By Biswarup Gooptu
NEW DELHI: Online retailers that sell only a single category of products are fast gaining investor attention as they require lesser capital to grow than multi-brand portals.
Termed as vertical ecommerce portals, these ventures which sell specialised products for healthcare — ranging from prescription drugs to nutritional supplements and spectacles, baby care products and jewellery—cater to customers who buy high-value products at frequent intervals.
The higher margins earned by these companies is making them attractive for investors who have put in a total of about Rs 664 crore so far this year. "We aim to build a valuable company that meets the investors' strategy of backing sustainable ventures," said Prashant Tandon, founder of Healthkart.
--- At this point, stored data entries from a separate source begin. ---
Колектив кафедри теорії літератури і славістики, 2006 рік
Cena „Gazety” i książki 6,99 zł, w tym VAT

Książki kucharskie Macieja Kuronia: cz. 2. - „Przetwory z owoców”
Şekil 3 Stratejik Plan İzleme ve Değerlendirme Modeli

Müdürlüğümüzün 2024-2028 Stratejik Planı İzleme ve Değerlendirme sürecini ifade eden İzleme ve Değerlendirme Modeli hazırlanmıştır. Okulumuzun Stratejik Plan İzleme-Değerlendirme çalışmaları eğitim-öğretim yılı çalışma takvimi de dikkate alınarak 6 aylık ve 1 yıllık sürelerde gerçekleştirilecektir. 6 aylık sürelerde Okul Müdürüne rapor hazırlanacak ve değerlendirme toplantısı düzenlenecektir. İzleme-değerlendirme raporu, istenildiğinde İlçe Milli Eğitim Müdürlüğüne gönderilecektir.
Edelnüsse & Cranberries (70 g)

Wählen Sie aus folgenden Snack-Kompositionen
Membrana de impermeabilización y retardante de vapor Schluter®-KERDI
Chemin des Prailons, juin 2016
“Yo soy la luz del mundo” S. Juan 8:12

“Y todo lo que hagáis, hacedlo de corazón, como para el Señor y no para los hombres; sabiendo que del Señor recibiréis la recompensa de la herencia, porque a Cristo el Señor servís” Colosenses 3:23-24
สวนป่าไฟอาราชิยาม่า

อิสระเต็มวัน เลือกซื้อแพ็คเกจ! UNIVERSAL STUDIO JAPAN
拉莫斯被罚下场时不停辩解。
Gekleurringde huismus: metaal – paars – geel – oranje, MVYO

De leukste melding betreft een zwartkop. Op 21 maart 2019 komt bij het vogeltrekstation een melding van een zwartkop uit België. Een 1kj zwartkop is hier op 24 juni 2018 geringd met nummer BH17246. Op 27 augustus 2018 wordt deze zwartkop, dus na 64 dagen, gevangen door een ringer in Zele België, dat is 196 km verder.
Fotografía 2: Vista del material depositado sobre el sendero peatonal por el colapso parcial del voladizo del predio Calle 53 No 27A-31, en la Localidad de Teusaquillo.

The Gurgaon-based company, which sells consumer healthcare goods as well as prescription drugs, raised $14 million (Rs89.3 crore) funding from Intel Capital and existing backer Sequoia Capital earlier this year.
Founded by Stanford and Harvard Business School graduates Tandon and Sameer Maheshwari in 2011, Healthkart has grown from offering management software to physicians to now directly retailing healthcare products to consumers. With about 50,000 transactions a month at an average spend of Rs2,000, the company is clocking a monthly revenue of about Rs 10 crore.
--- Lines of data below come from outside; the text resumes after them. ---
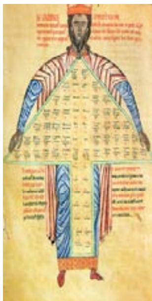
Imagem 9: Etymologiae - Isidoro de Sevilha Santo, ca 560-636

a) nos ditongos tónicos oi e ei , quando em posição paroxítona, ou grave (em Portugal já não se colocava o acento no ditongo ei ...). Assim, jóia passa a escrever-se joia e os brasileiros deixam de escrever idéia e passam a escrever ideia , etc... Isto, saliente, acontece com as palavras graves, desde que a estrutura da palavra não exija a explicitação do acento gráfico, como acontece em palavras terminadas em l , r , z , x , e n , o que leva a que palavras como géiser e Poséidon mantenham o acento gráfico. Nas palavras terminadas em ditongo agudo não há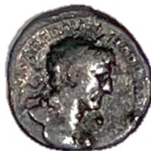
Romeinse munt met keizer Trajanus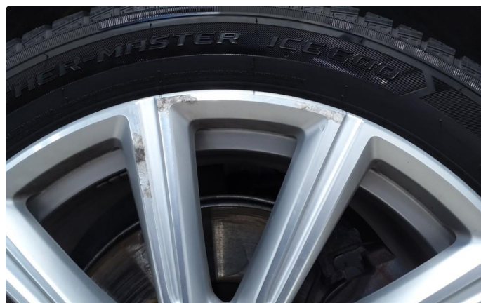
1.2 Påbegynnende oksidering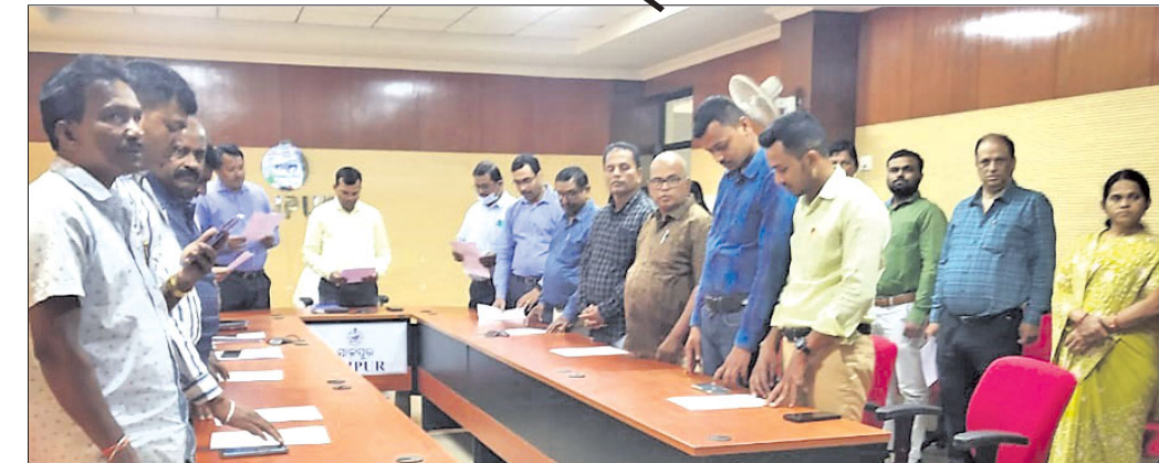
ପ୍ରଶାସନିକ ଅଧିକାରୀମାନେ ଦୁର୍ନୀତି ନିବାରଣ ପାଇଁ ଶପଥ ଗ୍ରହଣ କରୁଛନ୍ତି ।

"These companies do not require the same amount of funding as say, a Flipkart, as they use capital more efficiently while providing a varietety of high-margin products, for more frequent purchases," said Karan Mohla, vice-president at IDG Ventures.
"This makes them very good value creators," said Mohla whose fund has invested in New Delhi-based Valyoo Technologies, which runs portals such as Bagkart and Jewelkart.
Founded by former Microsoft employee Peyush Bansal, the company raised $10 million (Rs 63.8 crore) for its eye-care retailing website LensKart from UTV founder Ronnie Screwvala's Unilazer Ventures and IDG Ventures in February. LensKart sells about 1,000 pairs of eye glasses daily, across 1,500 cities and earns about Rs 4.5 crore in revenues monthly. "It's a much more complex market we operate in, not a price-oriented one that the multi-category ventures are in. You cannot get away with just offering discounts," said Bansal.
Investor interest in backing such ventures is growing as the broader ecommerce industry is quite crowded. "There is a certain amount of saturation in the multi-category space and one can't write small cheques in the space anymore," said Rahul Khanna, managing director at Canaan Partners, which holds a 25% stake in multi-category ecommerce firm Naaptol.
"The next best thing is to identify ventures that focus on particular categories," said Siddharth Bafna, partner at investment bank Lodha & Co. Investors are also focusing on more than just revenue generation by e-commerce ventures to identifying companies that have shown a clear path to profitability.
Both LensKart and Healthkart have targeted 2015 and 2016, respectively, to be in the black. In April this year, Mumbai-based online baby care company BabyOye also raised $12 million (Rs76.6 crore) from an investor consortium led by Helium Venture Partners, and which included Tiger Global and Accel Partners. The company is expected to reach a turnover of Rs250 crore by 2015.
Specialised e-commerce portals are also looking to provide a range of services to not only attract new customers. While Healthkart relaunched its drug search engine Healthkart Plus as an online marketplace for prescription drugs earlier this year, LensKart has entered the offline mode as well, signing franchisees across the country.
"The ventures are starting to build critical mass, and investors believe a number of them have the potential to become multi-category players," said Canaan's Khanna.
Analysts are of the view that a combination of fewer investors and fewer quality assets makes this a good time to invest in such companies now."However, there won't be too many of them, and investors will have to identify them," said Pragya Singh, associate vice president retail consultancy Technopak.